Kupi Beungoh
Sofyan Jalil: Antara “Jok Lam Uteun” dan “Kunci Inggreh”
Apa yang dikerjakan Sofyan yang paling fundamental adalah menerbitkan puluhan juta sertifikat tanah rakyat.
Ucapan Kalla tak salah.
Bayangkan saja kesuksesan yang ditunjukkan Sofyan ketika mengurus berbagai kementerian yang sama sekali tak mempunyai garis linear.
Ia menjabat 5 kementerian dalam masa 13 tahun.
Bayangkan saja keragaman dari berbagai kementerian; Komunikasi, BUMN, Menko Ekonomi, Ketua Bappenas, dan Menteri ATR-BPN.
Untung saja ia tidak ditunjuk menjadi Menteri Agama, padahal kemampuannya dalam ilmu-ilmu agama juga cukup lumayan, baik pengetahuan, maupun kepiawaunnya dalam berkhutbah dan berceramah.
Memang, dengan melihat berbagai atribut yang dimilkinya, klaim Kalla bahwa Sofyan “kunci inggreh” tak terbantahkan.
Baca juga: Jadi Pelajaran, Jangan Ada Lagi Korban Mafia Tanah, Nirina Zubir Ingatkan Pentingnya Komunikasi
Dua Cerita Menghadapi Godaan dan Tantangan
Ada banyak cerita tentang Sofyan yang menunjukkan prestasi dan kepiawainnya dalam mengarungi tantangan pekerjaan.

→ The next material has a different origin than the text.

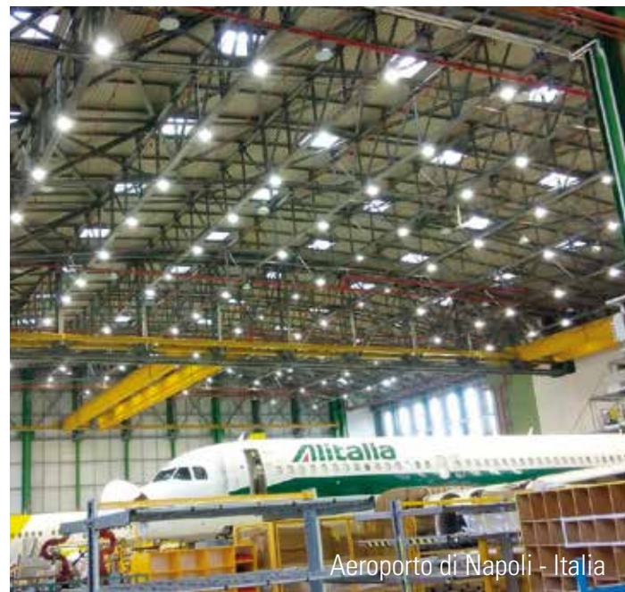
Aeroporto di Napoli - Italia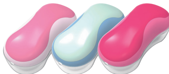
パステルピンク アイスブルー チェリーピンク

Ada dua cerita yang layak diceritakan sebagai contoh bagaimana Sofyan menghadapi godaan dan tekanan.
Ketika Sofyan menjadi Menteri Komunikasi dan Informatika, pada saat itu ia juga menjadi anggota Tim Delegasi Indonesia untuk perundingan perdamaian dengan GAM pada tahun 2007.
Suatu hari datanglah seorang pengusaha muda dari salah satu group korporasi besar nasional yang bergerak di perbankan, properti, komunikasi, dan stasiun televisi.
Ia mendesak Sofyan untuk memberikan sebuah konsesi yang berada di bawah kewenangan Sofyan untuk perusahaannya.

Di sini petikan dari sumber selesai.